§ **What is being asked**: Up to and including the line holding "8日(土)にかけて本州付近は", write out the data exactly from its first line, but not the pictures.

§ **Data for processing**:
● ● ● ●

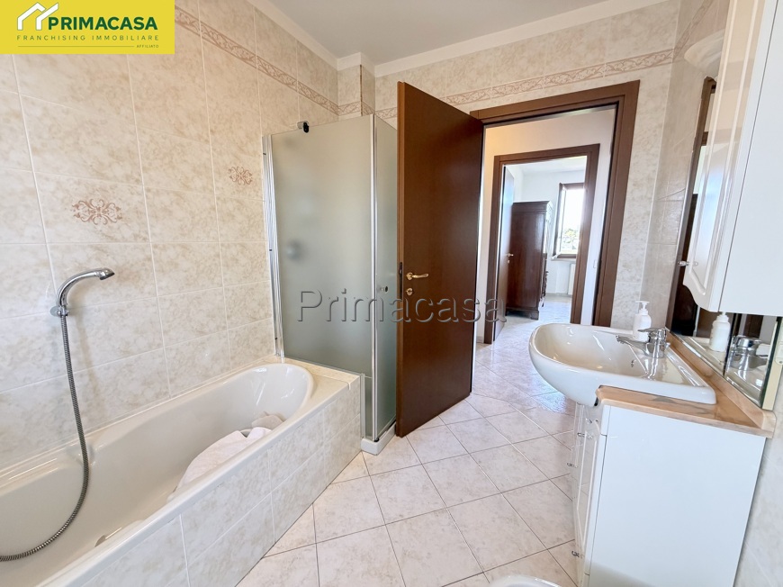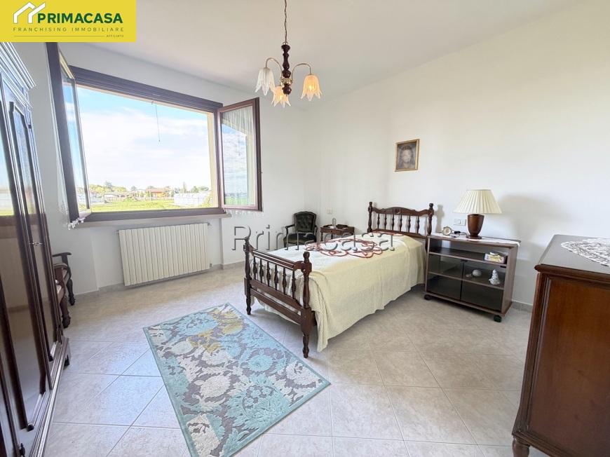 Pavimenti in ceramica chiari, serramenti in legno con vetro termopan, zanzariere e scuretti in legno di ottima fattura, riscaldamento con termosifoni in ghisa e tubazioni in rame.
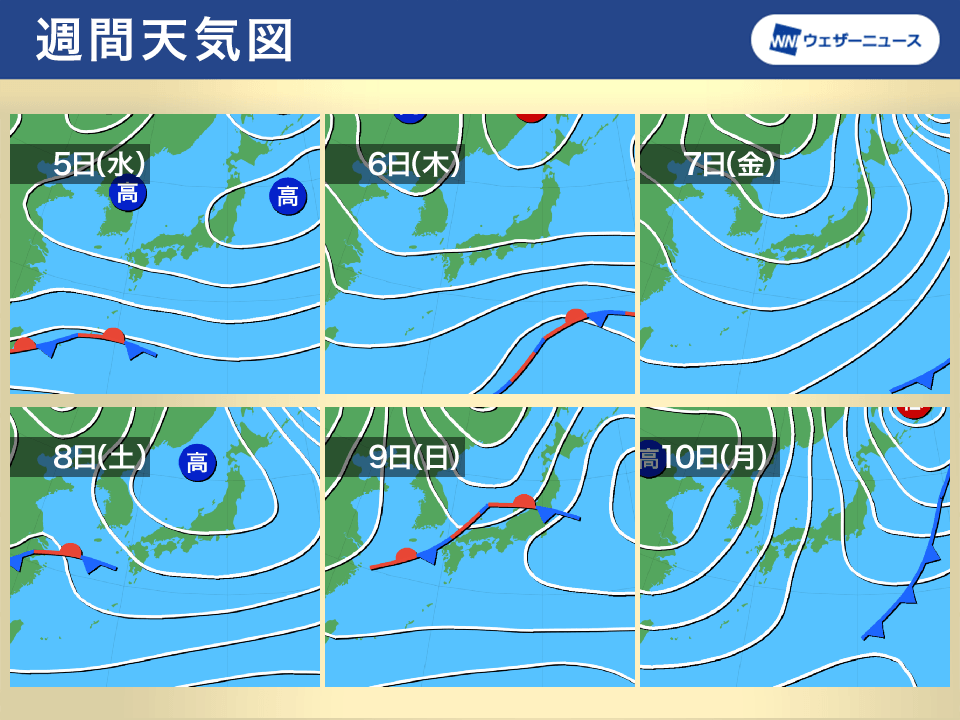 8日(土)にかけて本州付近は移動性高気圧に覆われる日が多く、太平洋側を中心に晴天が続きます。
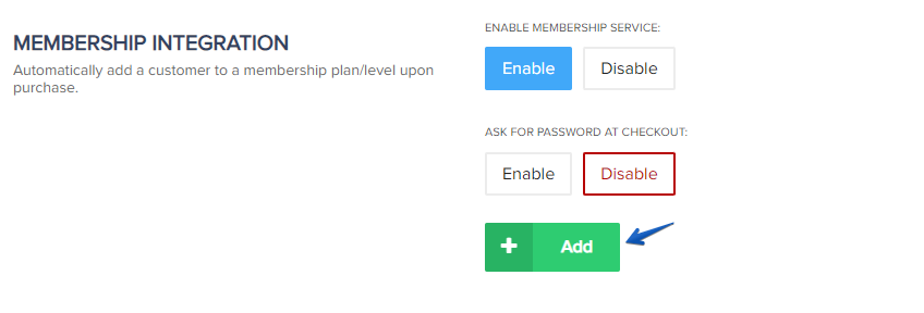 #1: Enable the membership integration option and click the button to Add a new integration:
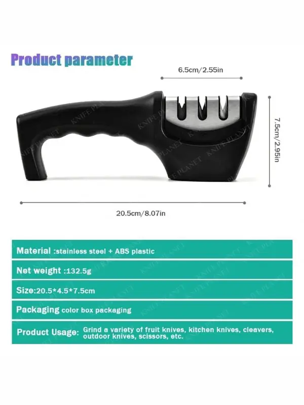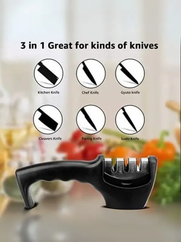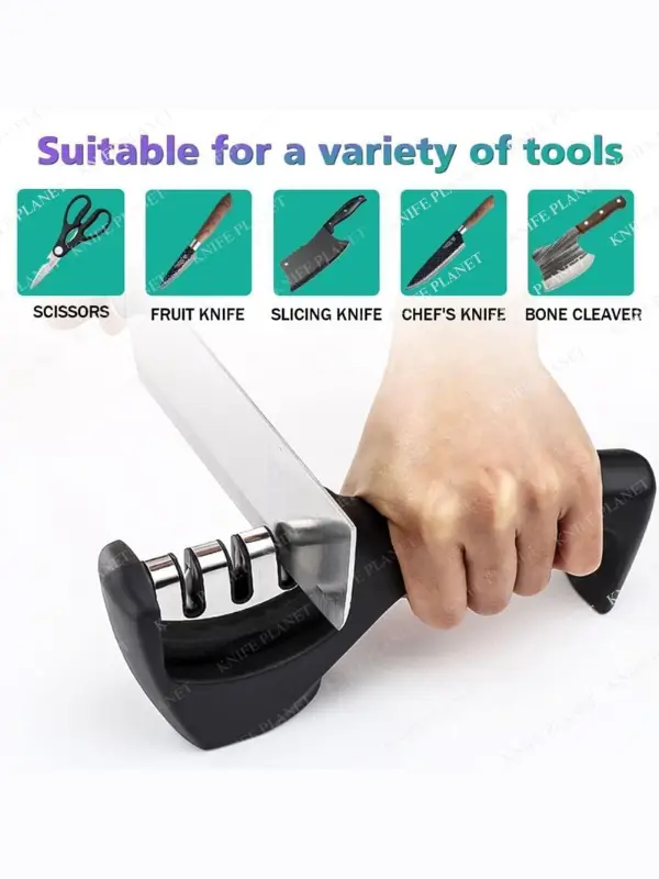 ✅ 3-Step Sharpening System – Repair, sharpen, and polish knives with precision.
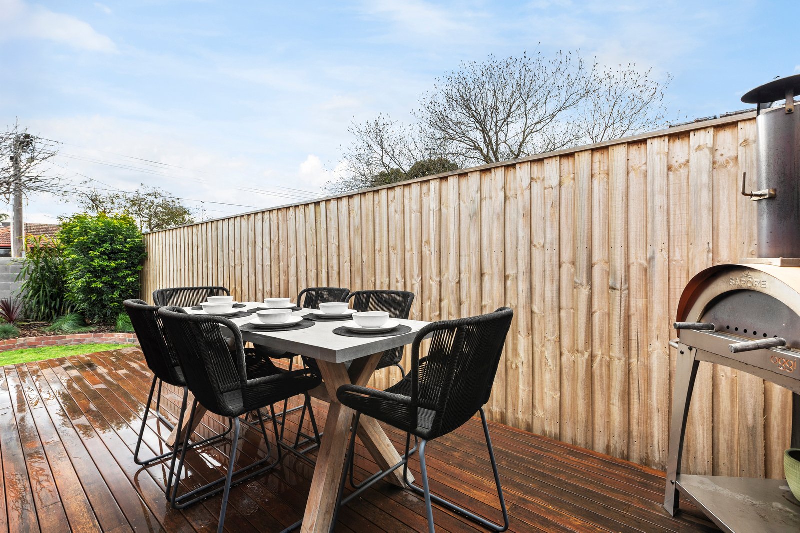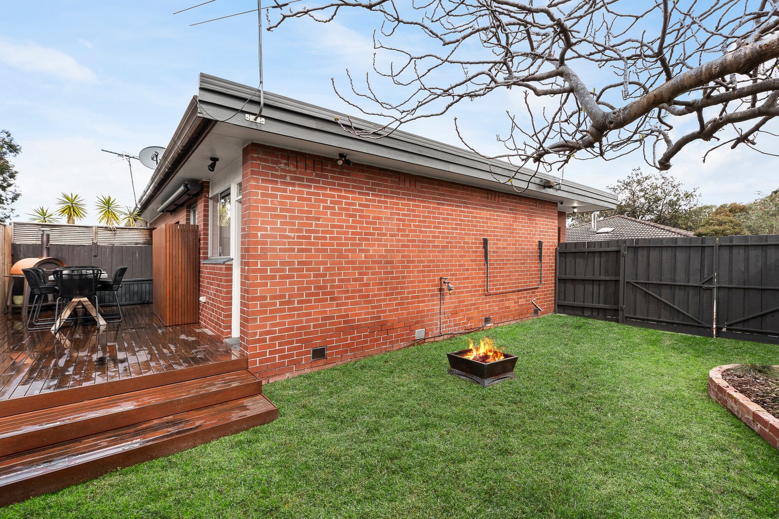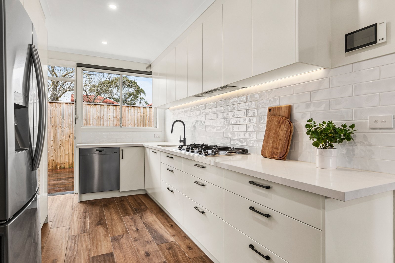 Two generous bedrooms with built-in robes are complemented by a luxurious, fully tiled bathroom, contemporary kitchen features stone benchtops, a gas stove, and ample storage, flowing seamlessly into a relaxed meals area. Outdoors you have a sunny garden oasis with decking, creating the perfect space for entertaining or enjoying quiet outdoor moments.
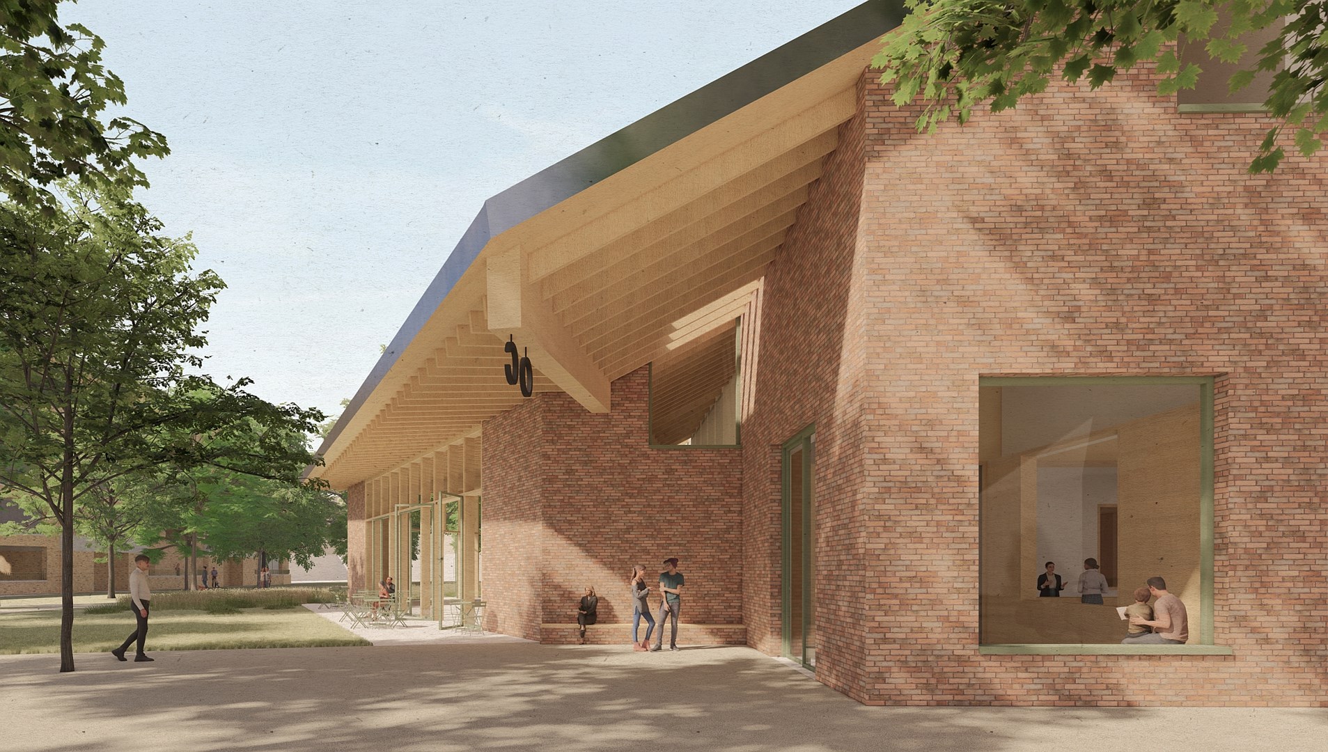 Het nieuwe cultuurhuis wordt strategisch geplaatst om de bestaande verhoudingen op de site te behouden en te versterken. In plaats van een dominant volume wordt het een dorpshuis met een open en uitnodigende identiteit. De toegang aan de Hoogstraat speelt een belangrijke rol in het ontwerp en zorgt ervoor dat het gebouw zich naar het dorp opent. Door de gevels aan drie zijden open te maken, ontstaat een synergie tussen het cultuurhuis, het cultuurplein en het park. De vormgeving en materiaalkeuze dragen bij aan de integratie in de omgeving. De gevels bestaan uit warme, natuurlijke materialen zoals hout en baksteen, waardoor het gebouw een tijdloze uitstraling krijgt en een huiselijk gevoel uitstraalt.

● ● ● ●

§ **Solution**:
 Pavimenti in ceramica chiari, serramenti in legno con vetro termopan, zanzariere e scuretti in legno di ottima fattura, riscaldamento con termosifoni in ghisa e tubazioni in rame.
 8日(土)にかけて本州付近は移動性高気圧に覆われる日が多く、太平洋側を中心に晴天が続きます。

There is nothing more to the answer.